Review: Goodbye Tsugumi by Banana Yoshimoto

Title: Goodbye Tsugumi
Author: Banana Yoshimoto
Obtained: borrowed from library || image from google image search
Publisher: Grove Press
Rating: 4/5
Read for: Japanese Lit Challenge 4


Maria Shirakawa is a thoughtful young woman thrown by family circumstance (her parents never married; with her mother, she is waiting for her father’s divorce from his current wife) into growing up with her cousin, Tsugumi Yamamoto, in her aunt and uncle’s small inn. Tsugumi, who is chronically ill, possesses a mischievous charm that both maddens and amuses her family. As Maria describes Tsugumi: “She was malicious, she was rude, she had a foul mouth, she was selfish, she was horribly spoiled, and to top it all off she was brilliantly sneaky.” Tsugumi’s tenuous health seems to free her from the behavioral norms that govern Maria and Tsugumi’s long-suffering older sister, Yoko, allowing her to curse, flirt with boys, concoct elaborate pranks and shock adults in a way Maria resents, envies and admires. Eventually, Maria’s parents are united and she leaves to attend university in Tokyo, returning for a final summer during which the inn is being demolished, and this provides Yoshimoto with all the plot she needs to explore the difficult but affectionate bond between the cousins. (

On the Cover

I love the cover. Love, love, love. The above image is the exact cover on the book I borrowed from the library. The colors, despite the blurriness, are so vibrant. The red and blue stand out so sharply against the soft beiges in the background. The image’s blurriness brings to mind an image in a memory–memories are rarely clear, but some things really stand out, much like the red and blues in the image. The girl walking across what looks like a beach is also relevant to the story, since the story takes place at a sea-side inn.

The Plot

I tried so hard to like Tsugumi. I really did. I wanted to like her as much as Maria did, but Tsugumi was mean for the sake of being mean, and she hid behind her illness, which makes it all worse. Really, I could understand forgiveness to a point–Tsugumi was a brat, especially when she was stuck in bed, but aren’t we all?

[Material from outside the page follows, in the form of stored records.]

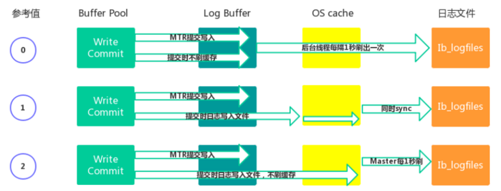 0:每秒提交 Redo buffer ->OS cache -> flush cache to disk,可能丟失一秒內(nèi)的事務(wù)數(shù)據(jù)。由后臺Master線程每隔 1秒執(zhí)行一次操作。
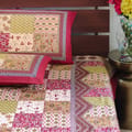 Bring home the charm of traditional art with our Kalamkari Patchwork Bliss Bedsheet. Featuring a vibrant fusion of floral, geometric, and folk-inspired block prints in red, green, mustard, and ivory, this bedsheet showcases a beautiful handcrafted patchwork design. The intricate border with zigzag and tribal patterns adds a rich ethnic touch, making it perfect for both classic and contemporary interiors. Made from soft, breathable cotton for ultimate comfort.
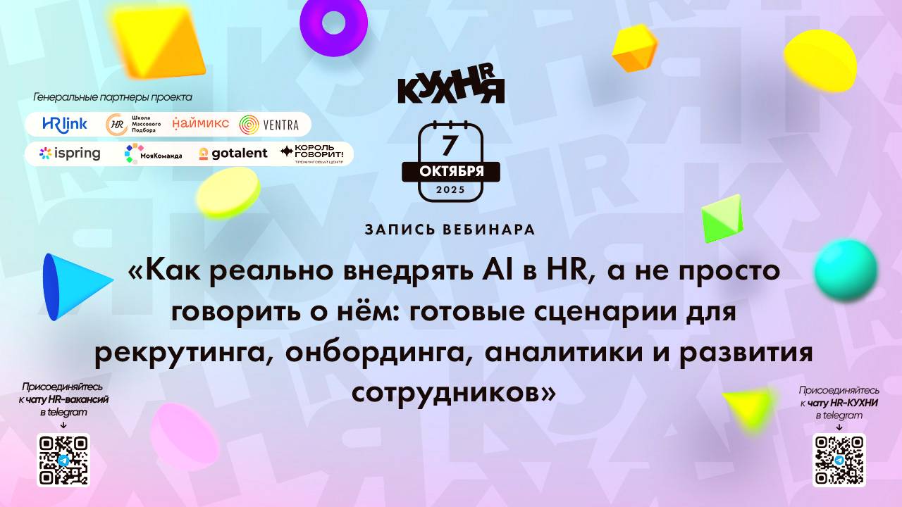 Присоединяйтесь к чатам и каналам HR-КУХНИ в телеграм: - Основной чат HR-КУХНИ в телеграм - https://t.me/+tYgAH0PgPQVkOWIy - Канал HR вакансий в телеграм - https://t.me/+CMNAN2u1hjo3M2Ri - Канал HR-EVENTS в телеграм - https://t.me/hr_kitchen - Канал HR JOURNAL в телеграм - https://t.me/hrkitchenjournal Полезные ссылки: - Каталог HR решений - https://hrkitchen.ru/exhibition - График конференций, бесплатных вебинаров, а также бесплатные курсы – https://hrkitchen.ru/ - Стать спикером HR-КУХНИ - https://hrkitchen.ru/speakers - Подписаться на полезную e-mail рассылку от HR-КУХНИ (новости, гайды, чек-листы, подарки от партнеров) - https://hrkitchen.ru/subscribe
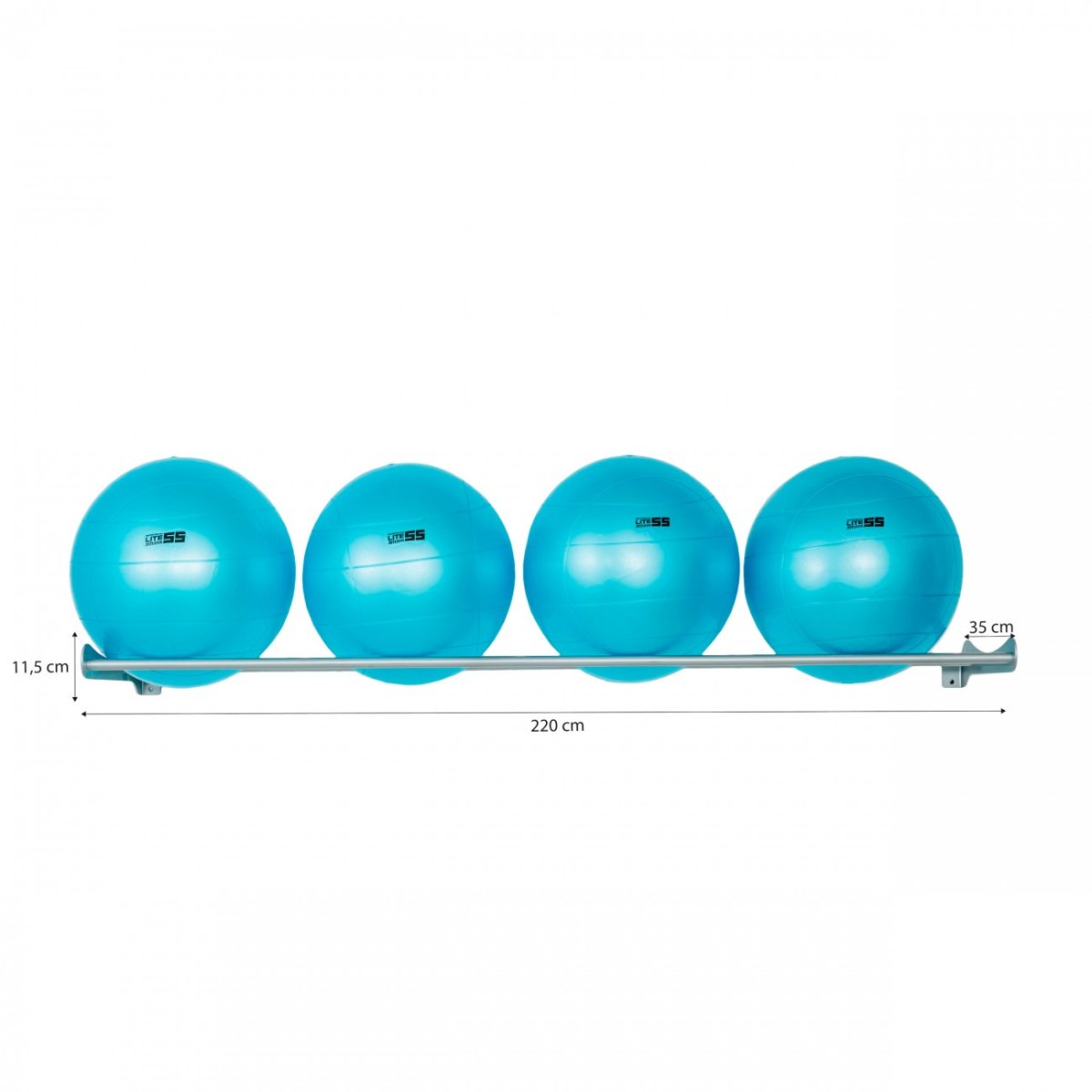 Soporte de pared de acero de gran calidad y resistencia para pelotas de fitness. Coloca varias pelotas al mismo tiempo de forma estable y con comodidad y ahorra espacio. Anclaje a la pared de forma fácil, estable y segura. No se incluyen los pelotones.
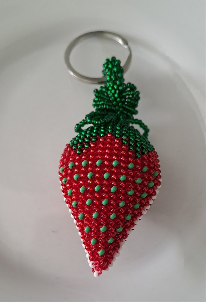 Yeşil ve kırmızı boncuklarla işlenmiş, çilek şeklinde renkli anahtarlık.halka detaylı, bohem tarzına uygun.
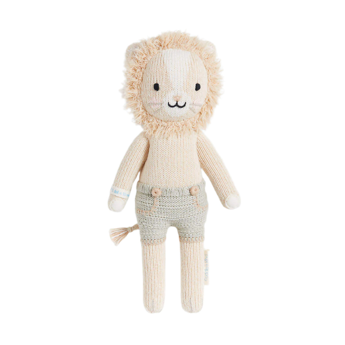 Meet Sawyer, one loving little lion doll from Cuddle+Kind. Clad in pale blue shorts, this soft and durable stuffie is destined to become the pride of your child's playthings. This heirloom-quality doll is entirely hand-knit using premium 100% cotton yarn and filled with a hypoallergenic polyfill, providing the perfect cuddle weight. From his mane to the buttons on his shorts, Sawyer is meticulously crafted by talented artisans in Peru and Nepal who share a strong cultural heritage around knitting. Cuddle+Kind embraces fair trade practices, and best of all: Each doll provides 10 meals to children in need around the world, including the United States and Canada.
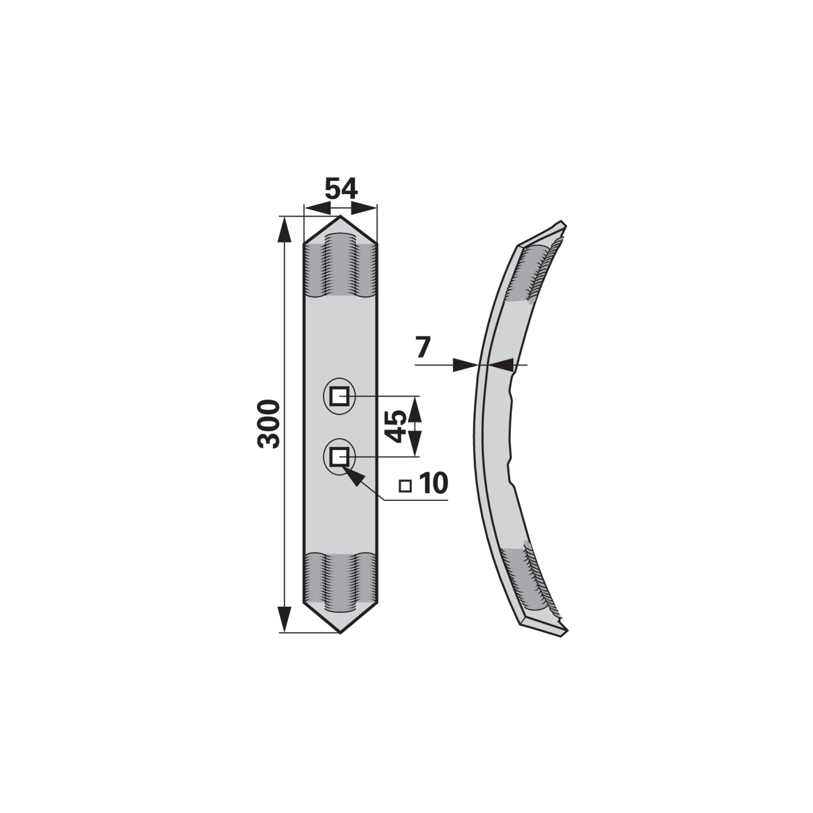 | Bezeichnung | Normalschare beschichtet, 54 x 7 x 300 mm, Lochabstand 45 mm |
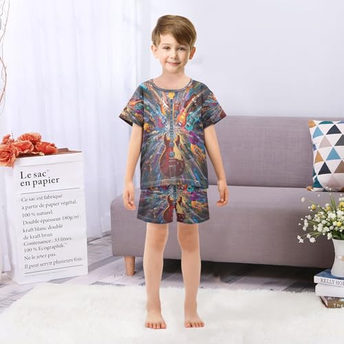 ALAZA Electric Guitar Fantasy Music Pajamas Set Short Sleeve Cotton Sleepwear Summer Pjs 2 Piece 5-14Y 5
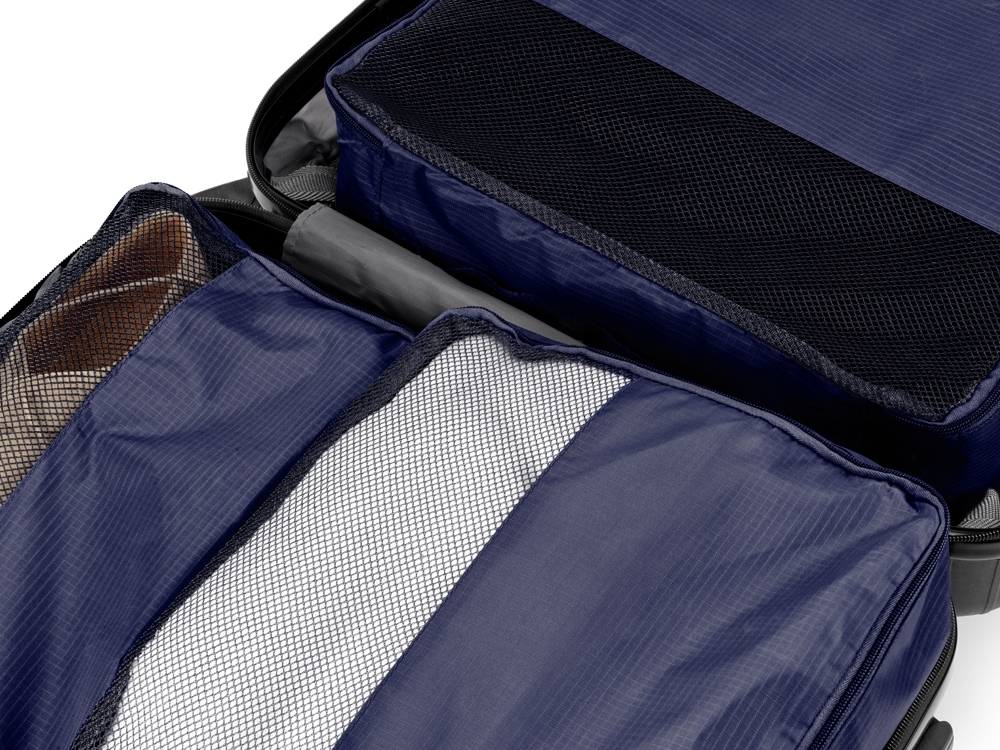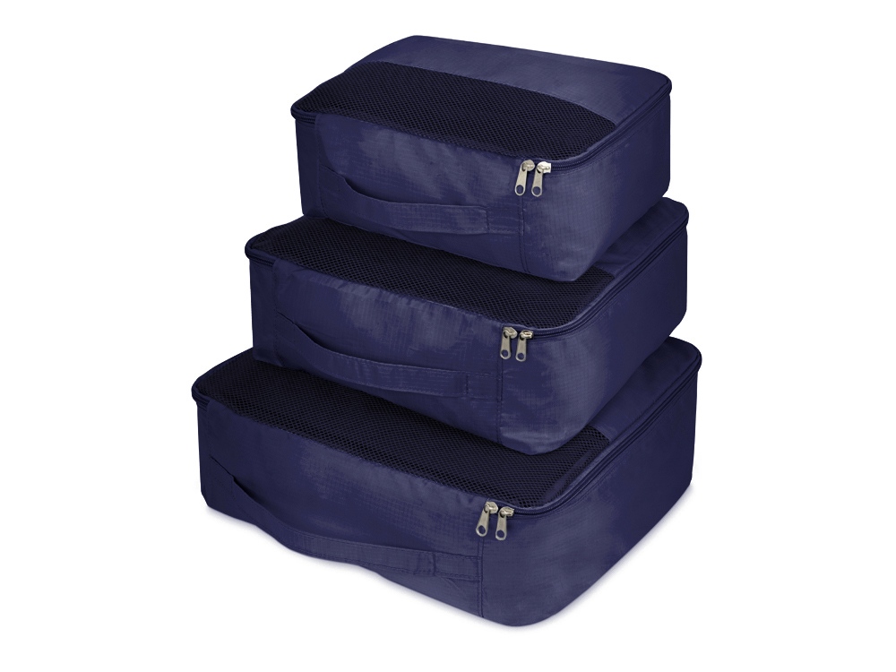 Набор упаковочных сумок – функциональный аксессуар для эргономичного упаковывания различных предметов в багаже. Комплект содержит три чехла разных размеров, удобных для рассортировки и складывания вещей в чемодане или дорожной сумке. • Изделия изготовлены из прочной, но легкой ткани рипстоп и не утяжеляют багаж. • Сумки удобны в пользовании: их верхняя часть полностью откидывается, облегчая упаковывание вещей, и застегивается на молнию. • Сетчатая вставка сбоку позволяет увидеть содержимое, а удобная ручка – вытащить ту из сумочек, в которой находится нужная вещь. • Практичный набор будет полезен не только в путешествии, но и дома для эргономичного хранения вещей в шкафу.
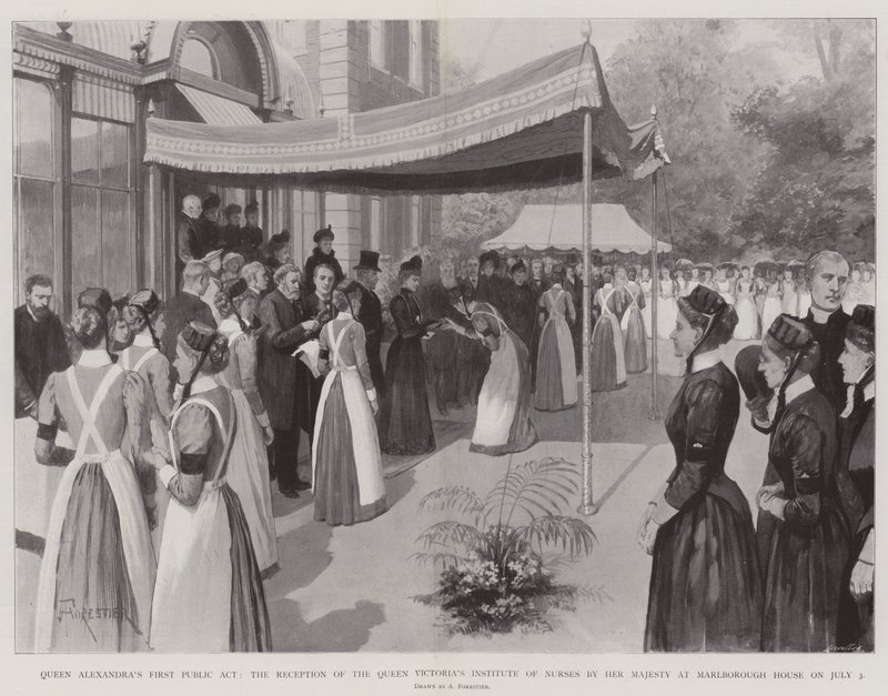 Queen Alexandra's First Public Act, the Reception of the Queen Victoria's Institute of Nurses by Her Majesty at Marlborough House on 3 July(Queen Alexandra's First Public Act, the Reception of the Queen Victoria's Institute of Nurses by Her Majesty at Marlborough House on 3 July )Amedee Forestier |
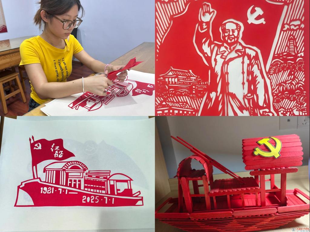 为喜迎“七一”建党节,赓续红色血脉,引导学生在创作中感悟初心使命,学院组织学生通过创作以党史为主题的剪纸、面塑等非遗作品,串联红色精神与非遗技艺,以此形式向党献礼,传递党领导人民创造的伟大精神。
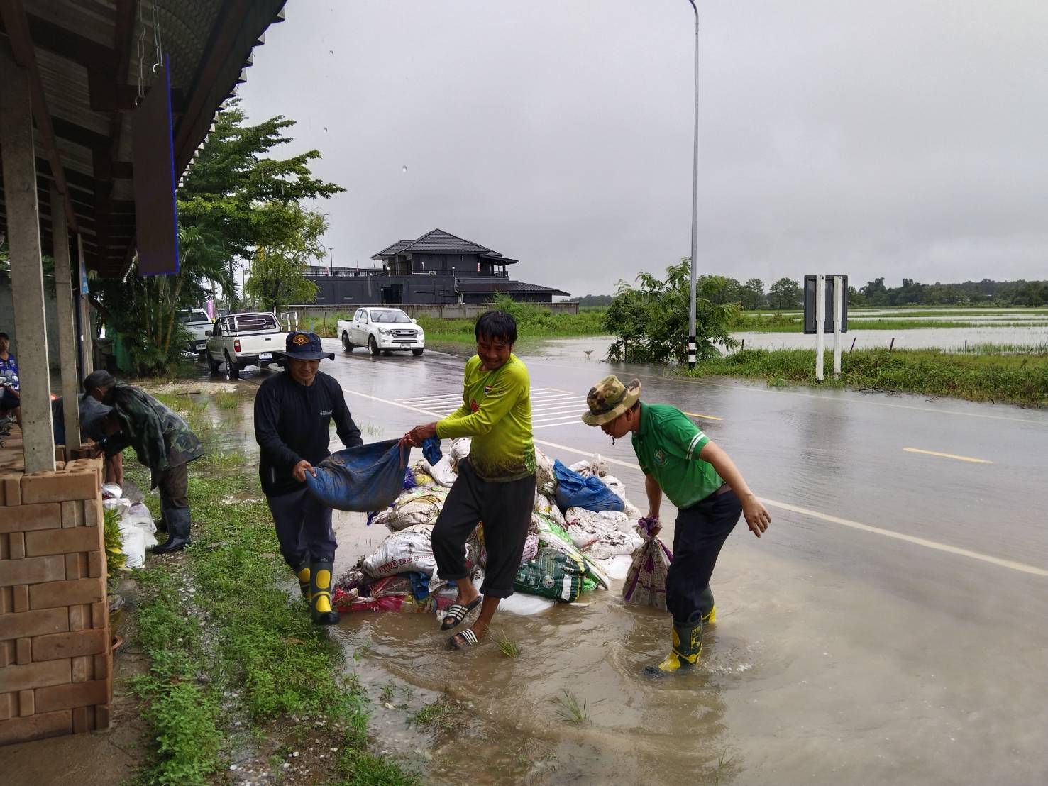 ลงพื้นที่ดำเนินการ นำกระสอบทรายมาทำแนวกั้นน้ำ ไม่ให้ไหลท่วมบ้านเรือนของประชาชน หมู่ที่ 6 บ้านบุ่งกกตาล ตำบลศรีสงคราม อำเภอวังสะพุง จังหวัดเลย
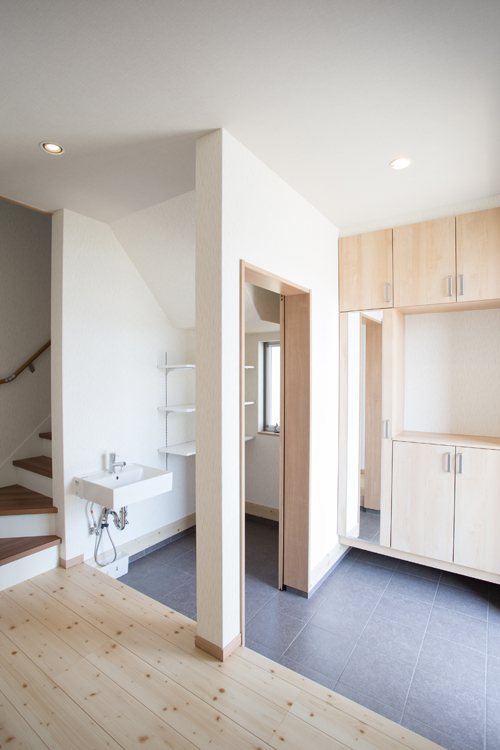 こんにちは。毎日良いお天気ですね。 さて、本日ご紹介するお宅はこちら。玄関に広い収納スペースと手洗い場を備えたお宅です。 小さなお子様はもちろんですが大人でも、汚れた手を洗うために洗面所まで行くまでに壁やドアノブや床を汚してしまうこと、ありますよね。そんなお悩みを解決してくれるのが玄関の手洗い場です。 収納スペースには、ベビーカーや自転車、冬場は除雪用のスコップ・濡れた防寒着なども楽々置けます。 また、玄関スペースと収納スペー...
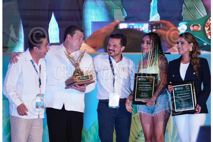 Zoé Robledo le entregó un reconocimiento a Mariana "La Barby" Juárez, durante la 60 Convención Anual del CMB.
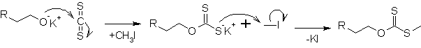 Dans la première étape de la réaction, un sel de xanthate est formé à partir d'un alcoolate et du disulfure de carbone (CS2) : l'alcoolate est transformé en méthylxanthate par addition d'iodométhane.

What I really thought was unforgiveable was her prank on Maria concerning her grandfather. Tsugumi pushes the bounds too far and despite apologizing, she still laughs in Maria’s face. I understand that Tsugumi is family, and sometimes we forgive and overlook things that you wouldn’t with others, but I guess I’m just not that tolerant, even when the person in question is ill.

I did, however, adore Yoko. She was pushed to the background so much that sometimes it didn’t feel like she was Tsugumi’s sister, but someone who had just a walk-on part in a play. But I liked her. She was honest and a true friend to Maria.

I think what bothered me most was Maria’s adoration of Tsugumi. Despite everything Tsugumi does to Maria, Maria still finds room to admire her. She constantly talks about how much life Tsugumi has; how much energy and passion. I just couldn’t get over how much I hated her. I did admire Maria, though, for her forgiveness. She eventually forgives Tsugumi for all the nasty things she does. it’s a strength I lack, I guess.

Overall, I really enjoyed this book. I just couldn’t get past Tsugumi’s hateful attitude, despite how beautiful she is. The book itself is well-written. The complicated relationship between Maria and Tsugumi is conveyed so well that sometimes it’s like Maria is sitting beside you, telling you stories of Tsugumi’s antics; of her bravery and strength, sometimes even her rage. But what interested me most of all was how, despite everything Tsugumi does, how gullible she thinks Maria is, Maria often seems to know what Tsugumi is thinking.